Researches on LCA for tea have generally focused on cradle to grave in environmental impact and overall sustainability analyses. Farshad et al. [35] worked on an environmental–economic analysis of tea’s life cycle in Iran from cradle to grave. LCA results indicated that the major pollutant inputs were machinery and diesel fuel in farms and factories, whereas the three-layer packaging design had the smallest environmental impact. Munasinghe et al. [36] focused on environmental impacts, economic, social, and overall sustainability of the tea sector in Sri Lanka from cradle to grave. Their results showed that energy use was highest during the consumer use phase; CO2 emission was highest (44–47%) during the packaging phase; labor use was highest during the cultivation phase; and cost was highest in the cultivation and purchasing phases. Chen et al. [38] studied the Organic Tea Product Supply Chain Process Map and Carbon Footprint of Taiwan from cradle to grave. LCA results found that the carbon footprint of tea was 12.53 CO2eq/kg, which was highest (48.87%) during the raw material phase, followed by the consumer use phase (31.8%). Fertilizer use during the raw material phase and energy use during the consumer use phase were the identified hotspots.
In the field of LCA research on vegetables, Li et al. [39] studied a highly diverse vegetable multi-cropping system in Fengqiu County (China) from farm gate to farm gate. Results showed that a vegetable multi-cropping system would cause even fewer environmental impacts compared with a single-cropping system. Shen et al. [40] studied the three facility modes of vegetable production in China from farm gate to farm gate. LCA results indicated that the serious impact on fresh water depletion and human, fresh water, and terrestrial toxicity is solar greenhouse. Furthermore, the venlo-greenhouse environmental impacts are 101 and 740 times more serious than the solar greenhouse and pollution-free approaches, respectively. Theurl et al. [41] studied unheated, soil-grown winter vegetables in Austria via LCA from “cradle to gate”. LCA results found that unheated winter vegetable production was more feasible than existing systems in Austria and Italy.
In the field of LCA research on fruits, Liu et al. [42] studied fossil energy use and greenhouse emission in Chinese pear production from cradle to gate. LCA results showed that GHG emissions in the pear production chain can be reduced by the use of manure in biogas production, transition from conventional farming to organic farming, and reducing of mechanical cultivation. For reducing environmental impacts, LCA could be applied as a means to conduct selections of agricultural inputs. The work of Ingrao et al. [43] highlighted environmental hotspots in Sicilian peach production systems from cradle to grave. LCA results found that irrigation methods had the most serious impact due to the use of large volumes of water and energy. With improvements in irrigation methods, the production process and usage of agricultural machinery can reduce GHG emissions. Longo et al. [44] studied organic and conventional apple supply chains in the north of Italy from cradle to gate.
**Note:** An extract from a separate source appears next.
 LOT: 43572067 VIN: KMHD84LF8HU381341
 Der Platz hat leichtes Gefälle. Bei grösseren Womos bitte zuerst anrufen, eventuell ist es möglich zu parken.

LCA results showed that a considerable share of the overall energy and environmental impacts in farming was because of the diesel consumption of agricultural machines and the use of fertilizers and pesticides.
Research on the sustainability of tea production and consumption shall produce important information about means of improving the global tea industry and about output key experiences for a broad range of other agri-industries and contribute greatly to make development more sustainable [36]. According to Table 1, environmental LCA is a useful means for reporting environmental improvements, given that it quantifies causes of impacts across the product’s life cycle for a range of environmental impacts and provides relevant facts and information that can guide decisions on practice change. By contrast, substantial research methods of LCA are available, but most of them are complex and time consuming. Therefore, the simplification and standardization of LCA methods will assist in the development of sustainable agri-industries.

2. Materials and Methods

2.1. Study Scope and Goal

Defining system boundaries on the basis of related goals is the first step in LCA (Figure 2). Dongshan Township (Yilan County) in the east of Taiwan was the main field in this study. Tea is the major crop in the area, which measures approximately 0.41 hectare and tea production volume is approximately 150 kg. Teas have been produced here since 1987, and tea saplings originate from Nantou. Even without applications for organic certification, mountain spring water is being used for irrigation, and soybean meal is being applied as base fertilizer, aided with a few chemical fertilizers and pesticides. The cultivation method is relatively eco-friendly [45].
Field investigation and literature collection were conducted for assessing the cradle-to-grave data, including materials obtained, manufacturing, distribution and transportation, consumer use, and disposal and recycling phases. A PAS 2050-based LCA approach was used to evaluate the environmental impact and carbon emission from each phase through SimaPro 8.0.2 (PRé Consultants B.V., Amersfoort, the Netherlands), and the concept of LCA was employed for determining the environmental impact and carbon emission of the product and for proposing countermeasures for carbon emission reduction.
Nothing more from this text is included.